Extreme conservatism seems to want to go on the attack in this country. My other issue (and thorn in my side) I will defend or champion is marriage for all, straight, gay, or whatever. I have no idea why people say they need to “defend marriage”. If your marriage needs defense, seek marriage counseling. Someone else’s marriage isn’t going to ruin yours. If you fear for your children, set a good example in your own home. If you find yourself wanting to claim the moral high ground, please claim it through this, the Great Commandment: “love your neighbor as yourself.” If people truly followed this core belief the world would be a better place.

Shame and Criticism

Some of my ghosts haunting me aren’t so obvious. They come from my sensitivities from my childhood and my upbringing. I grew up feeling criticized for everything I did. I felt I could do no right in my father’s eyes. If I did well in school, something else would be wrong. No matter how much I achieved, some fault could be found. This led to feeling a lot of shame and guilt.

These ghosts of my upbringing come to haunt me in my adult life. I am oversensitive when my wife speaks to me of something, almost anything that seems critical to me. My past haunts me consciously or sub-consciously and immediately I take it personally, get defensive and at times lash out. It’s led me to anger management, marriage counseling and personal counseling. It’s a ghost that lurks and hides inside me. It makes me say and do stupid things. It’s really just me.

These are the ghosts I have the most difficulty dealing with. The parts of myself I let bother me.

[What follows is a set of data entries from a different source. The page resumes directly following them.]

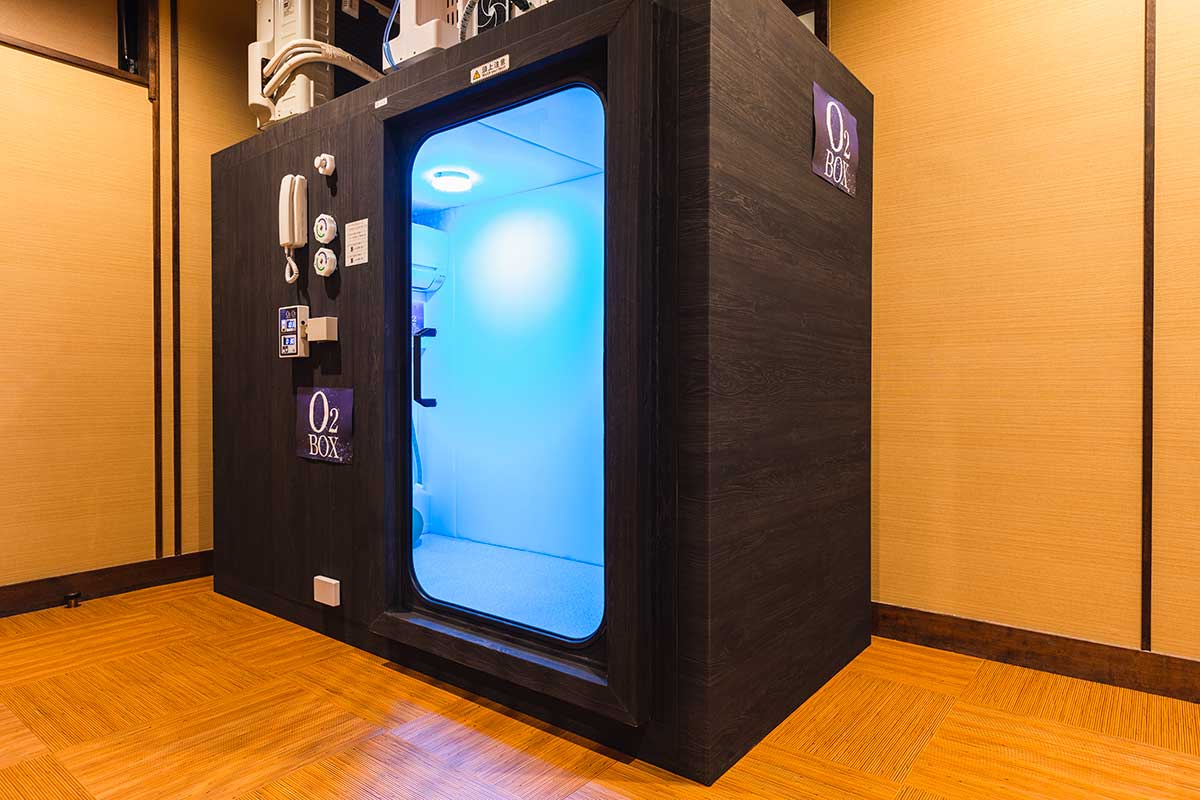 1.1~1.3気圧まで3段階で調節できる「高気 圧酸素ルーム」。カプセルではなくボックス タイプなので、内部で様々な姿勢で寛げる。
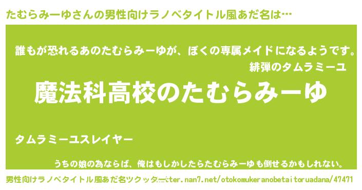 | 意味不明あだ名 | 『自称たむらみーゆ』 |
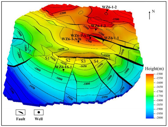 As shown in Figure 1, the WZ6-1 oil-bearing structure in the Beibu Gulf Basin of the South China Sea is an anticline complicated by faults, divided by two nearly east–west trending faults into three regions: the northern block, central block, and southern block. The southern block is segmented by several near north–south trending radial faults into four fault blocks of varying sizes, named S1, S2, S3, and S4 from west to east. The primary target reservoir layer is the W3IV oil formation of the Oligocene Weizhou Group, consisting of interbedded sandstone and mudstone deposited in a fan delta front environment. The W3IV reservoir has favorable properties, with an average porosity of 26% and permeability of 1120 × 10−3 μm2. This structure is highly faulted, with uncertain fault-sealing properties, leading to a complex and variable distribution of oil, gas, and water, and limited understanding of the hydrocarbon accumulation patterns. Five wells were drilled in the northern and central blocks, located at higher structural positions, but they were unsuccessful, with no oil-bearing layers encountered. After further evaluation, an exploratory well, WZ6-1S-1, was drilled in the lower structural position in the southern block, specifically in the S2 fault block, which resulted in a successful oil discovery.
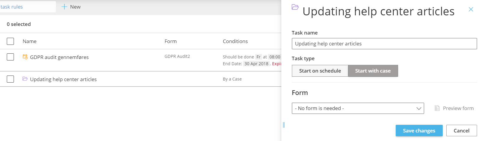 - Erstellen Sie die Aufgabe und wählen Sie Fallbasiert.
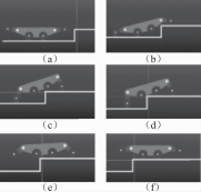 為了驗證機器人的越障性能,在ADAMs中建立了臺階虛擬障礙,并根據(jù)結(jié)構(gòu)設(shè)計與優(yōu)化的參數(shù)建立了機器人虛擬樣機模型,進(jìn)行運動學(xué)仿真。機器人跨越臺階的過程如圖6所示,從仿真可知,機器人可通過調(diào)整前后擺臂姿態(tài)實現(xiàn)質(zhì)心調(diào)節(jié),并適應(yīng)障礙高度,驗證了多輪腿機構(gòu)的可行性。
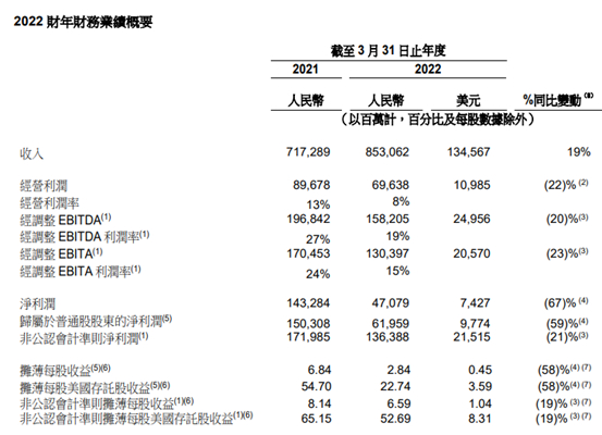 财报显示,2022财年阿里巴巴营收8,530.62亿元,同比增长19%。经营利润为人民币696.38亿元,同比下降22%。摊薄每股ADS收益为22.74元,摊薄每股收益为2.84元(0.45美元或3.50港元)。

I can say it makes me a better person for having fought through it, but I am still fighting through it. It’s my subconscious post-traumatic-stress disorder, the ghost of me and my past. Like demons I have to face it. I have to remember it. I have to be aware and follow certain protocols and procedures I learned in my counseling to keep it from ruling me. I’m still learning.

If only in my life mistakes, past feelings, shame, guilt and criticism were something where I could say, “I’m all over it now.” But to do that lets it lurk on. Like racism, I can’t unlearn it. My innocence has been lost and I can’t regain it. I admit I have issues – I hold a torch for them, bring them out, speak about them and give them honor (in this post), to keep them happy and cared for. Sometimes this reminds me so much of my other priestly duties.

Karma

So once I’ve examined my life’s ghosts – particularly my reoccurring themes in my adult life, then my childhood and the ghosts I’ve held since, I must then look beyond this life. Do we carry ghosts from before we were born? Are we still afraid of ghosts that follow us and rule us throughout our lives?

I’ve been contemplating this for a few weeks now. I know people that have fears that come from places they can’t explain. Others that are superstitious about things that can’t be easily explained.

Are there issues that surrounded us and our past lives or our deaths so intensely that they live on in our current lives now? What issues and karma are we still facing? What lessons are we still struggling to learn lifetime after lifetime that for one reason or another we just can’t seem to get beyond?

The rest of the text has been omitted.